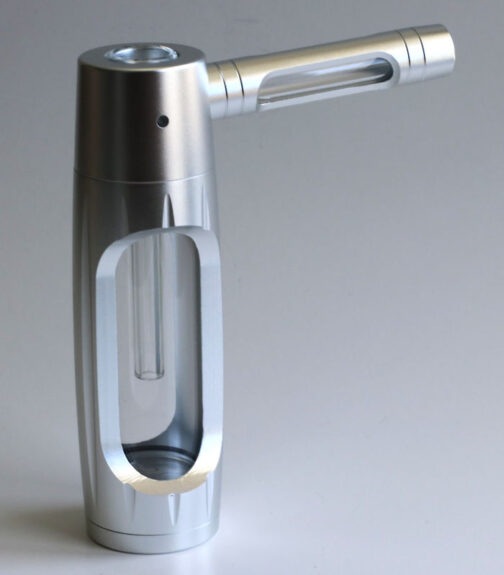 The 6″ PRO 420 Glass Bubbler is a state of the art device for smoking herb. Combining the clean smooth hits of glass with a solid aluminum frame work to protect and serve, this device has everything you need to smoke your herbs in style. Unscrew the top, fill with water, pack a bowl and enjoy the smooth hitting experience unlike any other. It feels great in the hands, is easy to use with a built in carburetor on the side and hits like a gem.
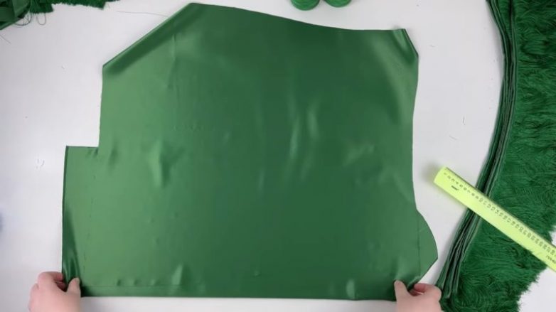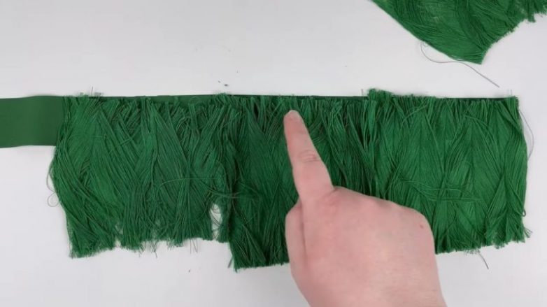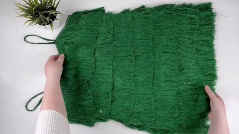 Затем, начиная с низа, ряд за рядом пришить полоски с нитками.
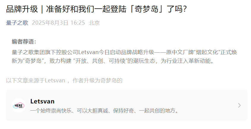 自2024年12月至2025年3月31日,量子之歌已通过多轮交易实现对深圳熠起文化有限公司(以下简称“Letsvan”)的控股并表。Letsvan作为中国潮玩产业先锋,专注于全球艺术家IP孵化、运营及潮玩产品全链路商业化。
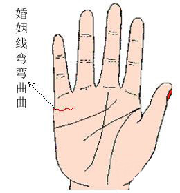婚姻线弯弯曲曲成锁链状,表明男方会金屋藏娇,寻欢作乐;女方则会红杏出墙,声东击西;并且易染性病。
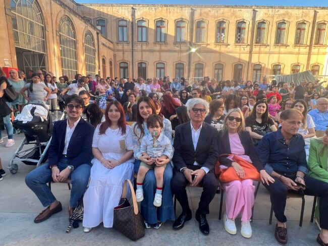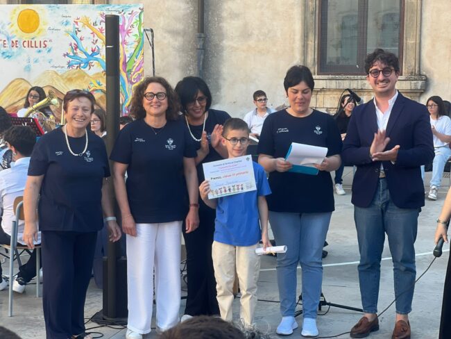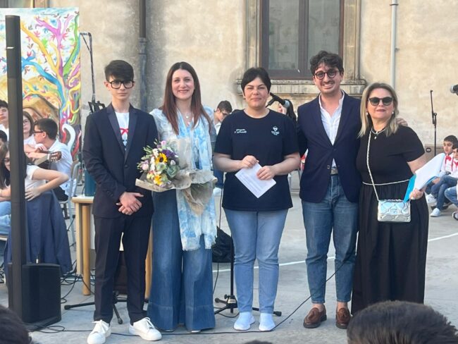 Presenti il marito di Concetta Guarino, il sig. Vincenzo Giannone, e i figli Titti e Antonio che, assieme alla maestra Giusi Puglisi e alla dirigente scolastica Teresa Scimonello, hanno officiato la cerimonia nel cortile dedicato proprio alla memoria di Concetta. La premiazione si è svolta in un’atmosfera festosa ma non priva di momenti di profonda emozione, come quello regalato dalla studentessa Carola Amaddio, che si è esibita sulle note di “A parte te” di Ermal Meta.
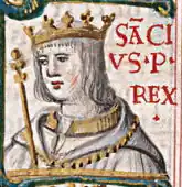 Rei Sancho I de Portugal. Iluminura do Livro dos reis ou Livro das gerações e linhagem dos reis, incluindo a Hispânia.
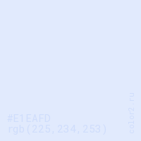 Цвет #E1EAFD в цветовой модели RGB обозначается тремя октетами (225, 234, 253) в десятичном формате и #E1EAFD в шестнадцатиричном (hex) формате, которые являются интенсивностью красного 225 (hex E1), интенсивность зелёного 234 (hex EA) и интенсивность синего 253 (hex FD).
---
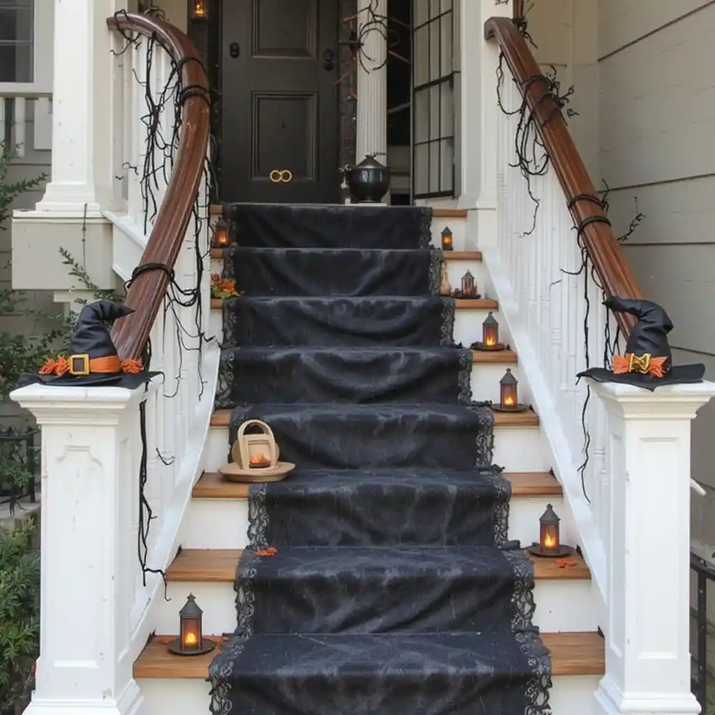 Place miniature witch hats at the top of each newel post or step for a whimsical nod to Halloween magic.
==
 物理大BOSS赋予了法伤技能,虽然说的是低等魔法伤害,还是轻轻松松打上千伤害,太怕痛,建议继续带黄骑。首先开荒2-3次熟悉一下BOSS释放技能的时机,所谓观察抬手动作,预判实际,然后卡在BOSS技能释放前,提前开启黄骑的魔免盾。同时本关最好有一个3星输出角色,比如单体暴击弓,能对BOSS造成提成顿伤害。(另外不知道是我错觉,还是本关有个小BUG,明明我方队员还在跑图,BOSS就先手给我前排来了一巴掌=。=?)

▶ [Exercise prompt] Copy the lines above between the one holding "Затем, начиная с" and the one holding "婚姻线弯弯曲曲成锁链状,表明", inclusive. Drop the pictures.

▶ [Answer for this exercise]
 Затем, начиная с низа, ряд за рядом пришить полоски с нитками.
 自2024年12月至2025年3月31日,量子之歌已通过多轮交易实现对深圳熠起文化有限公司(以下简称“Letsvan”)的控股并表。Letsvan作为中国潮玩产业先锋,专注于全球艺术家IP孵化、运营及潮玩产品全链路商业化。
婚姻线弯弯曲曲成锁链状,表明男方会金屋藏娇,寻欢作乐;女方则会红杏出墙,声东击西;并且易染性病。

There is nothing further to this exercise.